Here, we use the HT algorithm in conjunction with upward continuation to establish subsurface discontinuities. The block diagram of the algorithm is portrayed in Fig. 3. The upward continuation is applied to the input data given in Eq. (2) in order to image the lineaments resulting from the effects of the bodies at different depths. Such an employment of the transformation provides an instrument for the interpretation of the local and global data sets. We also applied the boundary analysis algorithm (Blakely and Simpson, 1986) to the Bouguer anomaly map to evaluate the performance of the HT technique. The method was firstly introduced by Cordell and Grausch (1982), 1985) for the estimation of the borders of magnetic bodies; later, the method was improved by Blakely and Simpson (1986) for the fast interpretation of the intensity of horizontal gradients. The horizontal gradients of the gravity anomalies of different masses are calculated. The maxima of the horizontal gradients are estimated from the eight neighboring points of a grid point by comparing the horizontal, vertical and diagonal elements. Using a threshold value of 20.55, estimated as half of the difference between the maximum and minimum Bouger anomaly values, the 5-pixel-long lineaments, and longer ones, are automatically determined in the accumulator matrix.
3. Geological Setting
The study area is located in the southwestern part of the Thrace Basin in northwestern Turkey (Fig. 1(a)). It is bounded to the south by the Aegean Sea, a segment of the North Anatolian Fault, the Ganos Fault (Şengör, 1979), and to the west by the metamorphic rocks of the Rhodope Massif in Greece. To the north and east, the widespread Upper Miocene-Quaternary deposits of the Thrace Basin exist.
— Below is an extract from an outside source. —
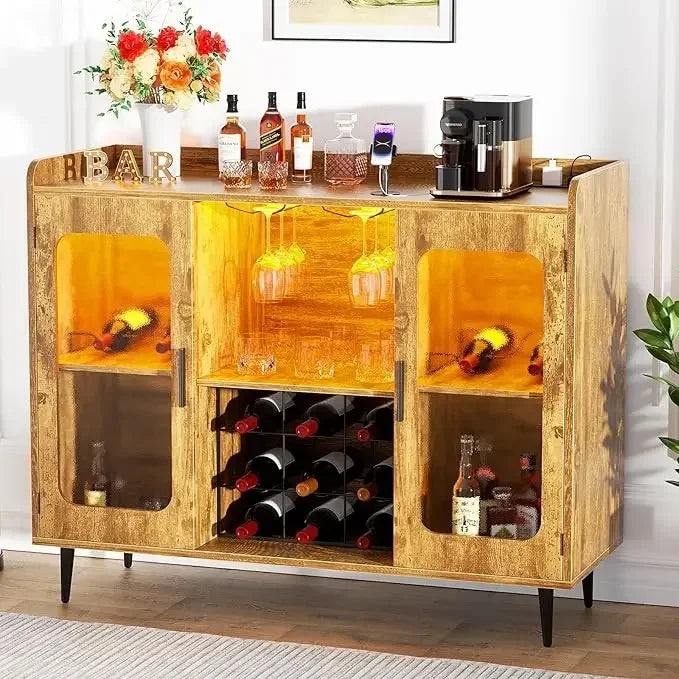 Liquor Cabinet Bar with Power Outlet LED Light Wine Storage Kitchen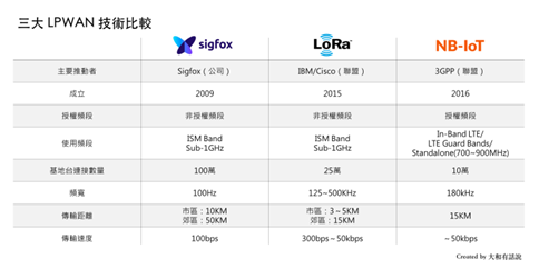 3大LPWAN技術的比較請參考圖5所示,NB-IoT屬於授權頻段(Licensed Band),而LoRa、sigfox則屬於非授權頻段(Unlicensed Band)。

3.1 Pre-Neogene units of southwestern Thrace
The oldest rocks to the north of the Gulf of Saros, which crop out in a very small area around Mecidiye, consist of highly-altered low-grade metaclastic rocks (Elmas, 2012) showing a great similarity to the Triassic metamorphic rocks of the Strandja Massif (Okay et al., 2010). Furthermore, the hydrocarbon exploration wells around the Keşan to the north of the Ganos Fault (Figs. 1(a) and (b)) penetrated into similar metamorphic rocks below the Tertiary basin fill suggesting that the Strandja-type basement is continuous from north to south (Siyako and Huvaz, 2007).
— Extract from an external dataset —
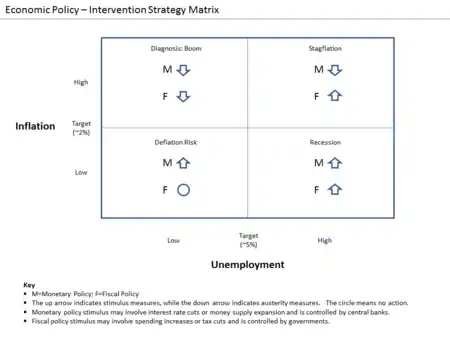 In Western countries, government officials theoretically weigh the cost benefit for an intervention for the population or they succumb beneath coercion by a third private party and must take action.[11] Intervention for economic development is also at the discretion and self-interest of the stake holders, the multifarious interpretations of progress and development theory.[2] To illustrate this, the government and international institutions did not prop up Lehman Brothers during the financial crisis of 2007–2008, therefore allowing the company to file bankruptcy. Days later, when American International Group waned towards collapsing, the state spent public money to keep it from falling.[11] These corporations have interconnected interests with the state, therefore their incentive is to influence the government to designate regulatory policies[11] that will not inhibit their accumulation of assets.[6] In Japan, Abenomics is a form of intervention with respect to Prime Minister Shinzō Abe's desire to restore the country's former glory in the midst of a globalized economy.[12]

The Paleogene sequence begins with 50-m-thick coarsegrained clastics deposited unconformably on the metamorphic rocks of the Strandja Massif. The clastic sequence passes upwards into the Upper Eocene (Özcan et al., 2010) limestone of the Soğucak formation. To the east, the lowermost sedimentary unit within the Paleogene sedimentary succession is the Gaziköy Formation (Sümengen and Terlemez, 1991) consisting of shales, siltstones, sandstones, and it also contains acidic tuff levels. The unit is bounded by the Ganos Fault to the south. The Soğucak Formation in the west, and the Gaziköy Formation in the east, are conformably overlain by the Upper Eocene (Sümengen et al., 1987; Yildiz et al., 1997) turbiditic deposits of the Keşan Formation. These deposits interfinger with the andesitic-dacitic lavas and pyroclastics forming a magmatic complex in the north of the Gulf of Saros (Fig. 1(b)) reaching up to 800-m thickness. Radiometric data indicate a 35 ± 0 : 9 Ma (K/Ar, Sümengen et al., 1987) age for this complex. The turbiditic deposits pass gradually upwards and northwards into marginal marine and continental sandstones-shales (the Mezardere, Osmancik and Danişment formations and the Yenimucahir Group (Ünal, 1967)). The ages of these sediments, which form the uppermost strata of the sequence of the Thrace Paleogene Basin, extend from Oligocene to Early Miocene (Siyako, 2006). In all previous studies, the contact between the Paleogene and Neogene sequences was interpreted as an angular unconformity throughout the basin. However, Elmas et al. (2008) suggested that the contact between the Paleogene and Neogene series is tectonic in many places in the area between the Ergene River and Saros Bay.
3.2 Neogene deposits of southwestern Thrace
The Neogene sequences display many different facies associations because of their environments of deposition. The sequences have been lithostratigraphically divided as the Enez, Ergene and Thrace formations.
The oldest Neogene strata are the Middle-Upper Miocene lacustrine and shallow marine deposits to the southwestern part of the study area, and have been designated by Kasar et al. (1983) as the Enez Formation. Around Ipsala and Ibriktepe, on the Paleogene units, the sequence begins with fresh- and brackish-water shallow marine clastics and carbonates. They gradually pass into clays and weakly-cemented, cross-bedded sandstones. The deposits of the Middle-Upper Miocene (Sümengen et al., 1987; Şentürk and Karaköse, 1987) Enez Formation, which indicate a mixed (clastic and carbonate) marginal marine environment for the deposition (Elmas et al., 2008), are overlain by the cross-bedded yellow sandstones and conglomerates of the Ergene Formation with an erosional contact.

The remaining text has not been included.